Overview

We pursue lower rejection rates while exploring lower KL divergence to maximally preserve model intelligence.

We provide two versions to balance censorship removal and capability preservation:

  • Abliterated Version (Refusal: 4/100, KL: 0.4096) – No refusal scenarios were triggered in manual testing.
  • Balanced Version (Refusal: 8/100, KL: 0.2446) – May show refusal tendencies on extremely aggressive prompts, but can be corrected via system/user prompts. Theoretically preserves more of the original model's intelligence due to lower KL divergence.

Logic tests show no visibly degraded intelligence compared to the official version. For more stable outputs, system prompts or user prompts can be used for constraints and guidance.

ABLiteration Approach

This model uses the Heretic ABLiteration method for neural direction ablation:

  1. Identify Refusal Direction - Train a LoRA on harmful behavior datasets to identify neural directions controlling "refusal behavior"
  2. Direction Extraction - Extract the "refusal vector" from the trained LoRA
  3. Ablative Removal - Subtract this direction from the original model weights, removing the censorship mechanism

This method only modifies model weights without changing the architecture or adding inference overhead.

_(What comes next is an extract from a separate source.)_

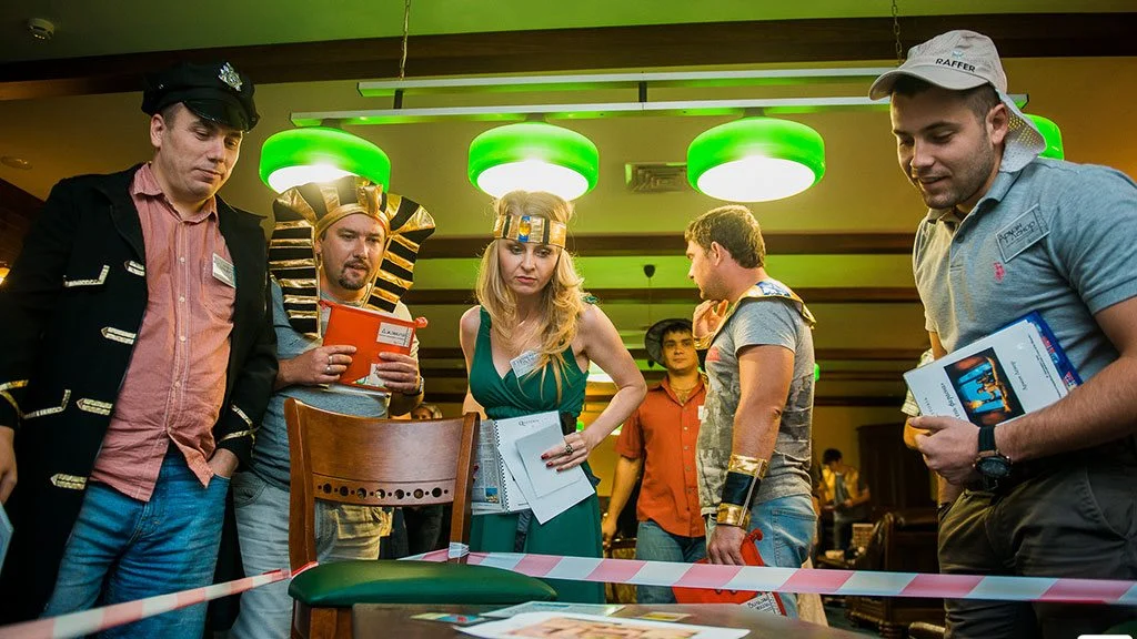 Квесторія — це гра не проти кімнати, а один з одним. Ви граєте у команді, але у кожного — своя мета. Ведучий проведе гру де завгодно і з будь-якого приводу — на день народження, корпоратив або просто так.
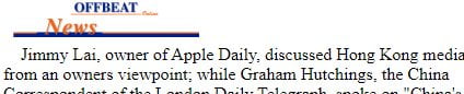 How things have changed. Would you believe there was a time when recently-and-frequently-arrested pro-democracy media boss Jimmy Lai served as a high-calibre speaker at a Hong Kong Police senior command course? (Scroll down to bottom story – just above the ‘copyright 1997’ thing.) The cops also invited Democrat James To and Amnesty International. What a difference the CCP makes.

For detailed technical principles, refer to: Heretic Abliteration

Data Sources

Purpose Dataset
Refusal Direction Identification mlabonne/harmful_behaviors (520 prompts)
KL Evaluation General prompts (100 prompts)
Refusal Rate Testing mlabonne/harmful_behaviors (520 prompts)

✅ Recommended Uses

  • Research and analysis of sensitive topics
  • Safety testing and red-teaming exercises
  • Academic research on model alignment
  • Multi-modal tasks (image + text) with Gemma 4 vision capabilities

❌ Not Recommended For

  • Production environments requiring content moderation
  • Applications targeting minors
  • Scenarios with potential legal risks

Limitations

  1. Minor Capability Loss - KL divergence indicates moderate modification, which may slightly affect performance on complex tasks
  2. User Discretion Required - Users must independently judge the appropriateness of generated outputs
  3. Vision Model Unmodified - The vision encoder remains unchanged from the original Gemma 4

Disclaimer

⚠️ Important: This model is intended for research and educational purposes only.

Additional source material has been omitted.